About five years ago I built a curio cabinet for my wife with two
internal puck lamps. The lamps are controlled by a small, round, dome
shaped touch switch on the back of the cabinet. The switch adjusts
from low, medium to high intensity with gentle touch. During the past
week or so I have noticed the lamps are turned onto the low intensity
without the switch being touched. We have experienced at least one
brief power interruption during this period.
Has anyone had experience with these types of switches doing this? I
am assuming there are no safety concerns.
Power outages will do that. I have a lamp that does that. 1 outage goes to
low. 2 outages goes to medium. 3 outages goes to high. 4th outage will turn
it off. When I return home lamp shows how many outages. If lamp is OFF I had
4 outages OR had NONE. ww
I once had a touch lamp that would come on whenever there was a power
burp. I would hear all the backup power supplies beeping their
complaints about the incoming power quality at which time I would
notice the touch lamp come on.
The detection has to be pretty sensitive so disruptions in the supply
easily trip them. I'm not a fan myself ans we don't have any but
there's nothing wrong with them other than the occasional false trip.

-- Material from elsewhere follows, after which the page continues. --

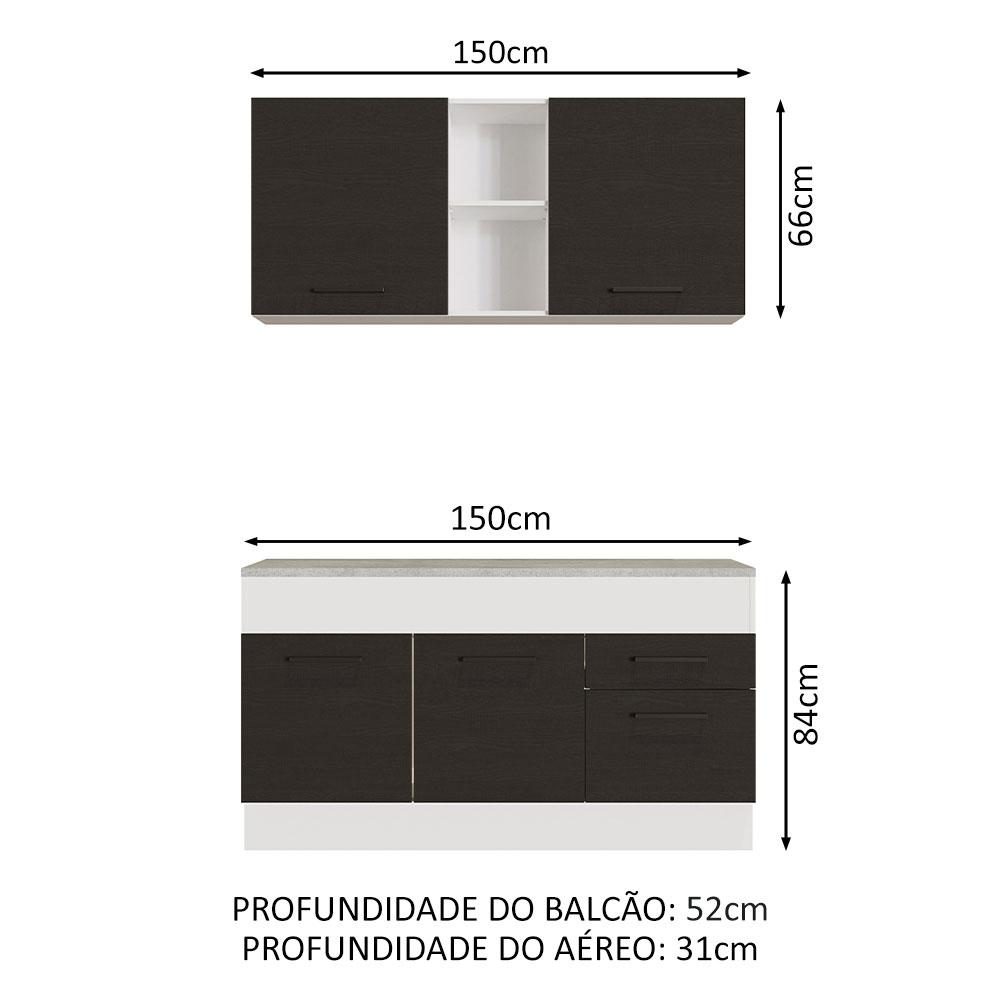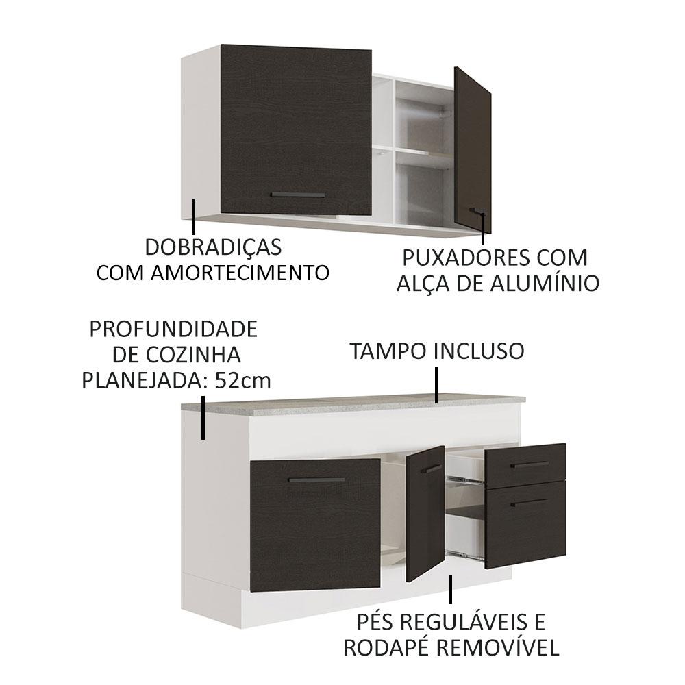 Armário de Cozinha Compacta 150cm Branco/Preto Agata Madesa 01
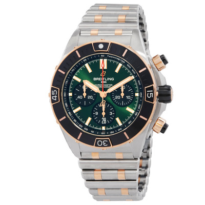 Two-tone (silver-tone and rose gold-tone) stainless steel & 18kt rose gold case with bracelet; Uni-directional rotating rose gold-tone bezel insert featuring black inlaid ring made from 18k rose gold and ceramic; Green dial accented by rose gold-tone hands and index hour markers; Minute markers around the outer rim; Luminescent coating on hands and markers for low-light visibility; Date display at the 6 o'clock position; Chronograph function equipped with three sub-dials (seconds, minutes/30 seconds, tenths of a second); Breitling Calibre B01 automatic movement offering 70-hour power reserve; Scratch-resistant sapphire crystal front cover; Screw-down winding/crown protection; Transparent sapphire case back allowing visibility of the movement; Round case measuring 44 mm in diameter and 14.4 mm thick; Fold over clasp with safety release mechanism; Water resistant to 200 meters / 660 feet (suitable for swimming/snorkeling); Functions include analog display, chronograph timing, date indication, hour/minute/second readouts; Belongs to the Super Chronomat B01 Series; Sport watch design; Swiss Made label on the dial.

I'm going to assume it was power interruptions or surge, and keep an
eye on it for a while. We live in a rural area where brief
occurrences happen now and then. The switch really doesn't get used
much unless we are looking at something in the display cabinet.
Thanks to all.
Apologies if I repeat myself but last fall one of the metal bodied end
table lamps I'd installed a touch swich in maybe ten years ago began to
turn off (from its highest intensity) without my touching it.
I noticed a couple of Box Elder bugs had made it inside the house again
and were occasionally seen near that lamp.
I couldn't believe that a bug that small had enough body capacitance to
trip the touch dimmer if it landed on the lamp body. And, I finally saw
one land there without affecting the dimmer.
I finally cought one of those damn bugs affecting the dimmer. It was
crawling up the brass bulb socket shell and when it reached the top one
of its front feet touched the top of the lamp bulb's screw base which
was just barely visible at the top of the socket shell.
So, what was happening was that the bug was creating a resistive path
between the metal lamp body and one side of the ac line. (Which side of
the line depended on which way the non polarized line cord was plugged
into the wall outlet.) And that was more than enough to trip the dimmer.
The speed of light is 1.8*10e12 furlongs per fortnight.
And nobody without your sig block would have had the patience,
curiosity, and expertise, to figger all that out.....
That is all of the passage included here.